Problem statement:
For every line below, output the text exactly and leave out images.

Recorded data:

+++

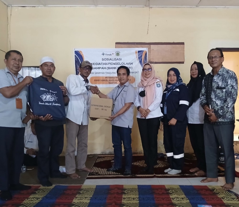 Dalam kesempatan tersebut, PT Timah juga menyerahkan bantuan peralatan penunjang operasional bank sampah berupa timbangan dan alat-alat kebersihan.
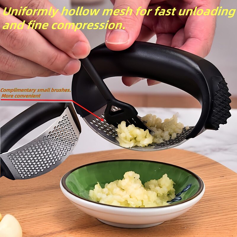 HOT ! Garlic Mincer Set, Two-in-One Meat Tenderizer and Garlic Press, with Included Brush and Garlic Peeler,3Pcs/Set
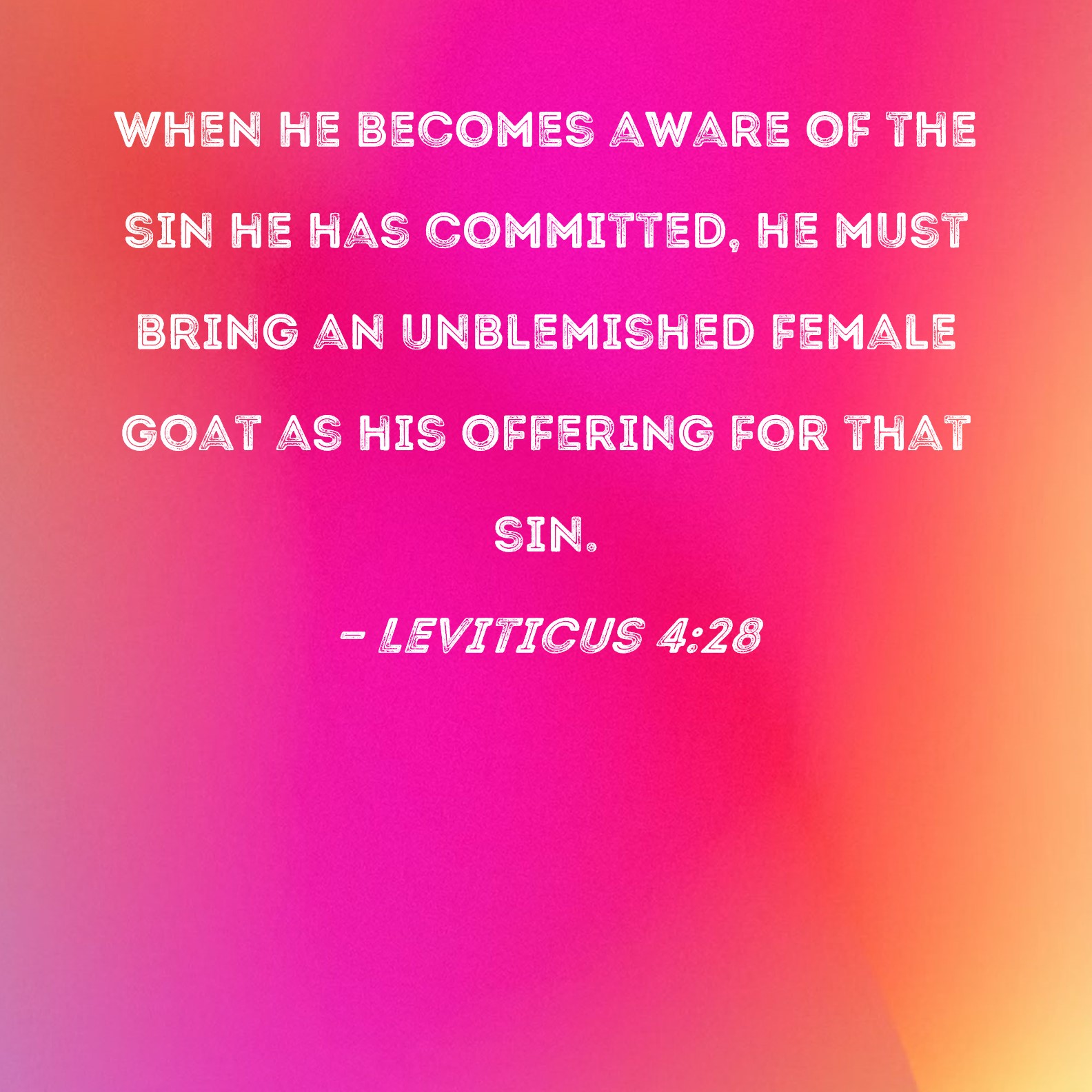 Leviticus 4:28 When he becomes aware of the sin he has committed, he must bring an unblemished female goat as his offering for that sin.
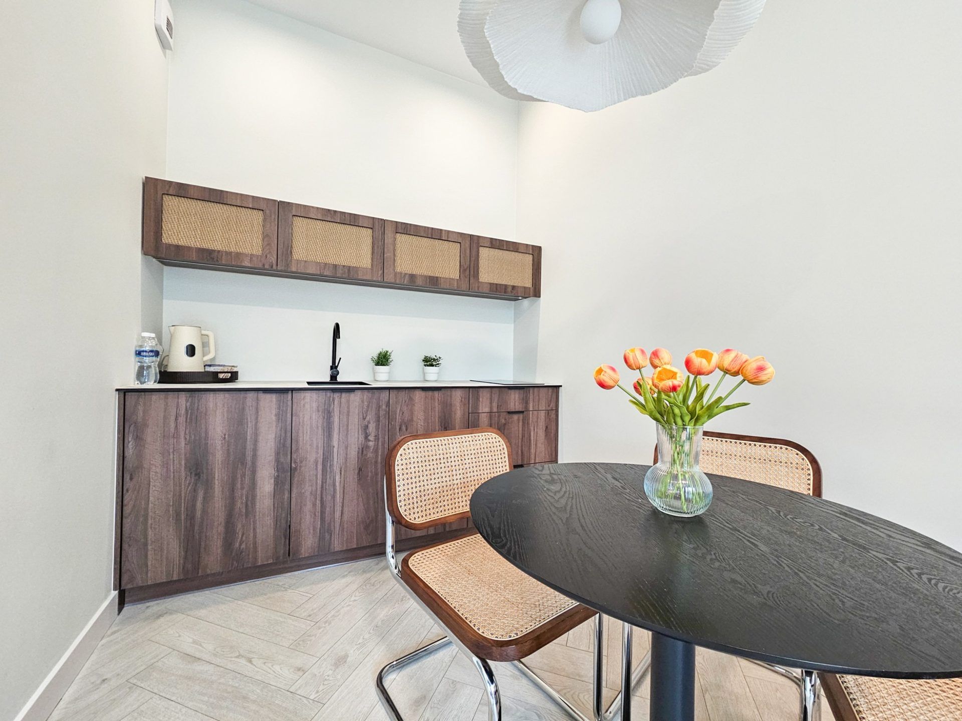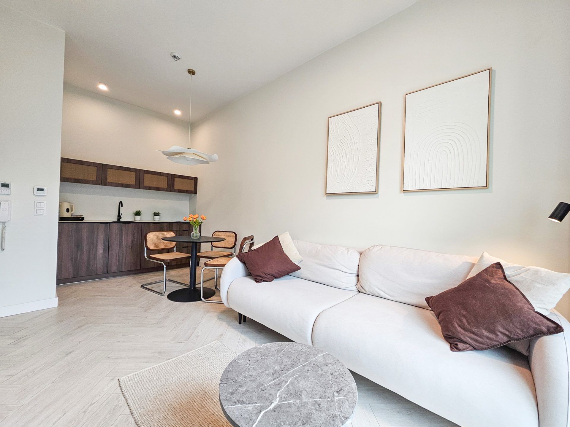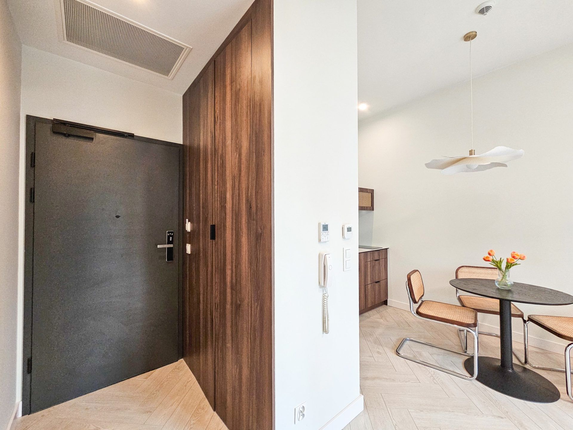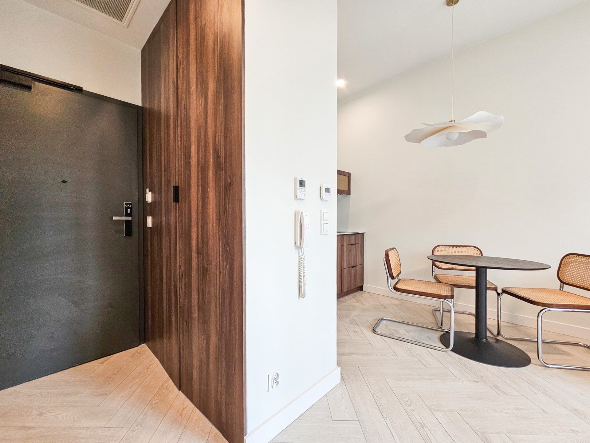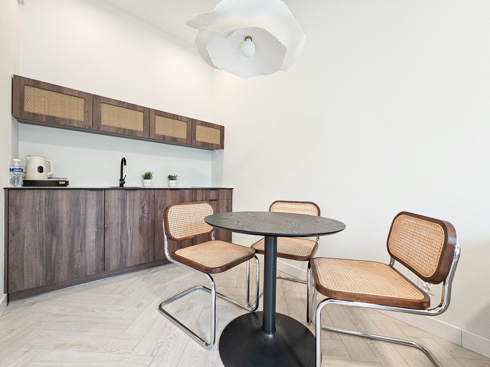Wnętrze apartamentu utrzymane jest w spójnym, designerskim stylu. Jasna kolorystyka, naturalne drewno, starannie dobrane dodatki oraz wysokie sufity tworzą przestrzeń pełną światła i harmonii. Duże przeszklenia otwierają wnętrze na zieleń, dzięki czemu pobyt nabiera wyjątkowego, relaksującego charakteru.

+++

Answer for the task:
 Dalam kesempatan tersebut, PT Timah juga menyerahkan bantuan peralatan penunjang operasional bank sampah berupa timbangan dan alat-alat kebersihan.
 HOT ! Garlic Mincer Set, Two-in-One Meat Tenderizer and Garlic Press, with Included Brush and Garlic Peeler,3Pcs/Set
 Leviticus 4:28 When he becomes aware of the sin he has committed, he must bring an unblemished female goat as his offering for that sin.
Wnętrze apartamentu utrzymane jest w spójnym, designerskim stylu. Jasna kolorystyka, naturalne drewno, starannie dobrane dodatki oraz wysokie sufity tworzą przestrzeń pełną światła i harmonii. Duże przeszklenia otwierają wnętrze na zieleń, dzięki czemu pobyt nabiera wyjątkowego, relaksującego charakteru.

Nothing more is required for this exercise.